- _ACTION ITEM_
Apart from the images, the records below need to be copied exactly.

Extracted data entries:
• • • •
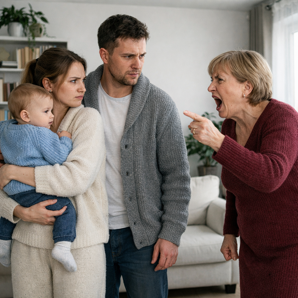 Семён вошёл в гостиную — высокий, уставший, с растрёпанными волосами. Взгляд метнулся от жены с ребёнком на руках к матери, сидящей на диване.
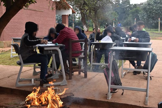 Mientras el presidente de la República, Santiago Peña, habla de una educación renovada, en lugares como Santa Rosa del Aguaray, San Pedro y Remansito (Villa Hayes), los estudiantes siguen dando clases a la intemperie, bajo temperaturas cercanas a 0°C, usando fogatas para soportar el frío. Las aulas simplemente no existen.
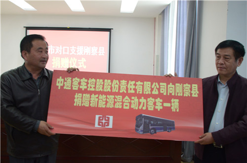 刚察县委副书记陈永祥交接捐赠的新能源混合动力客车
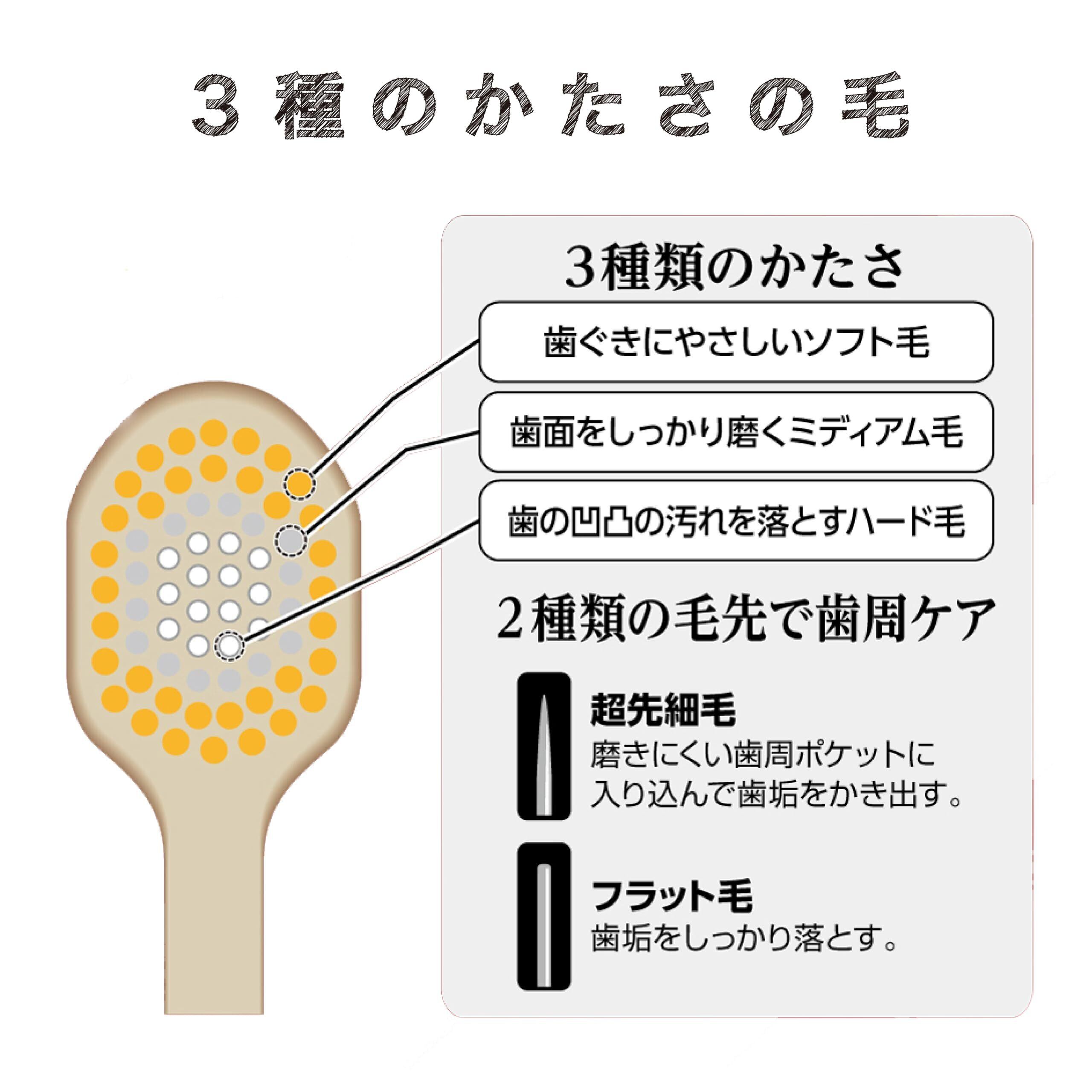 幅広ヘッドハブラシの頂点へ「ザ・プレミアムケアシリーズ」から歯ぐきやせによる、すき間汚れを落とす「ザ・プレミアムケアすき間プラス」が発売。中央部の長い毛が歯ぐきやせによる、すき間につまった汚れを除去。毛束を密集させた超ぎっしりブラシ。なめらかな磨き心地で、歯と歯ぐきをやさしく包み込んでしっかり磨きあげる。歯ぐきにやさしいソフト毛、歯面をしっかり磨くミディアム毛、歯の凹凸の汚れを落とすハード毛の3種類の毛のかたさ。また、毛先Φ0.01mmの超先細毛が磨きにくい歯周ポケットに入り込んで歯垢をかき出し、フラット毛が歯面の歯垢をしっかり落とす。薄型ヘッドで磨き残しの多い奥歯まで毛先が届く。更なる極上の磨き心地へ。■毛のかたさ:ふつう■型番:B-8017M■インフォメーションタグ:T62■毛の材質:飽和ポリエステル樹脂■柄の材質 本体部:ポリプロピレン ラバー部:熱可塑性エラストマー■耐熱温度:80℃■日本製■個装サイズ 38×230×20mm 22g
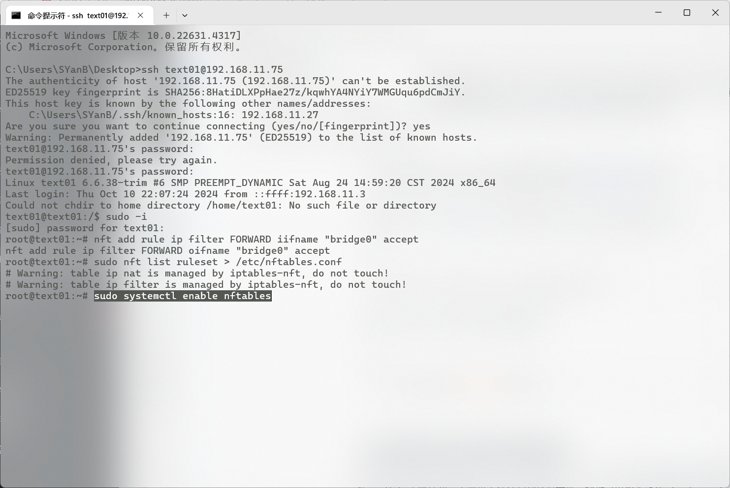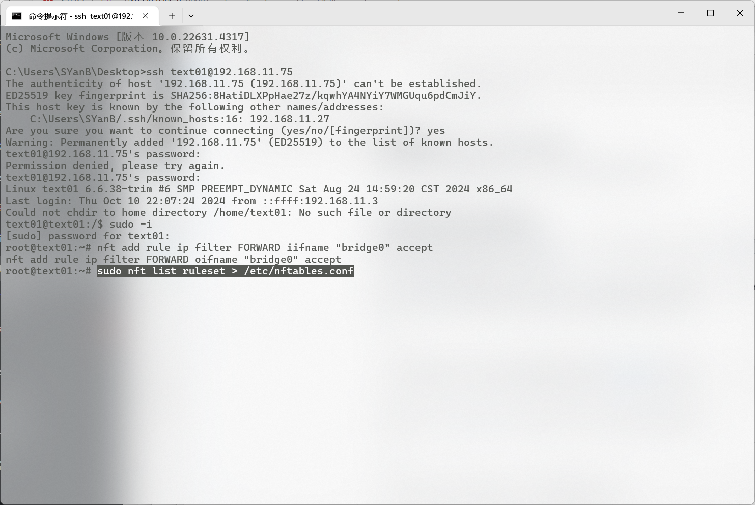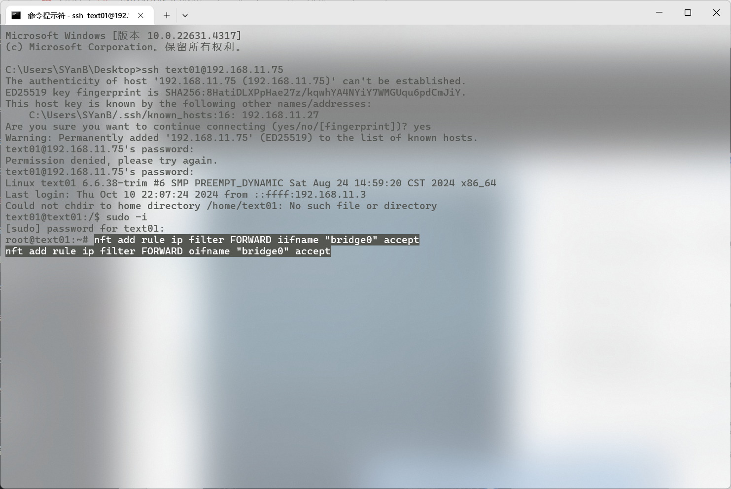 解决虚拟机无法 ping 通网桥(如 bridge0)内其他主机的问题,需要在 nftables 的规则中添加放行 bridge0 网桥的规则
• • • •
- _RESPONSE TO THIS TASK_
 Семён вошёл в гостиную — высокий, уставший, с растрёпанными волосами. Взгляд метнулся от жены с ребёнком на руках к матери, сидящей на диване.
 Mientras el presidente de la República, Santiago Peña, habla de una educación renovada, en lugares como Santa Rosa del Aguaray, San Pedro y Remansito (Villa Hayes), los estudiantes siguen dando clases a la intemperie, bajo temperaturas cercanas a 0°C, usando fogatas para soportar el frío. Las aulas simplemente no existen.
 刚察县委副书记陈永祥交接捐赠的新能源混合动力客车
 幅広ヘッドハブラシの頂点へ「ザ・プレミアムケアシリーズ」から歯ぐきやせによる、すき間汚れを落とす「ザ・プレミアムケアすき間プラス」が発売。中央部の長い毛が歯ぐきやせによる、すき間につまった汚れを除去。毛束を密集させた超ぎっしりブラシ。なめらかな磨き心地で、歯と歯ぐきをやさしく包み込んでしっかり磨きあげる。歯ぐきにやさしいソフト毛、歯面をしっかり磨くミディアム毛、歯の凹凸の汚れを落とすハード毛の3種類の毛のかたさ。また、毛先Φ0.01mmの超先細毛が磨きにくい歯周ポケットに入り込んで歯垢をかき出し、フラット毛が歯面の歯垢をしっかり落とす。薄型ヘッドで磨き残しの多い奥歯まで毛先が届く。更なる極上の磨き心地へ。■毛のかたさ:ふつう■型番:B-8017M■インフォメーションタグ:T62■毛の材質:飽和ポリエステル樹脂■柄の材質 本体部:ポリプロピレン ラバー部:熱可塑性エラストマー■耐熱温度:80℃■日本製■個装サイズ 38×230×20mm 22g
 解决虚拟机无法 ping 通网桥(如 bridge0)内其他主机的问题,需要在 nftables 的规则中添加放行 bridge0 网桥的规则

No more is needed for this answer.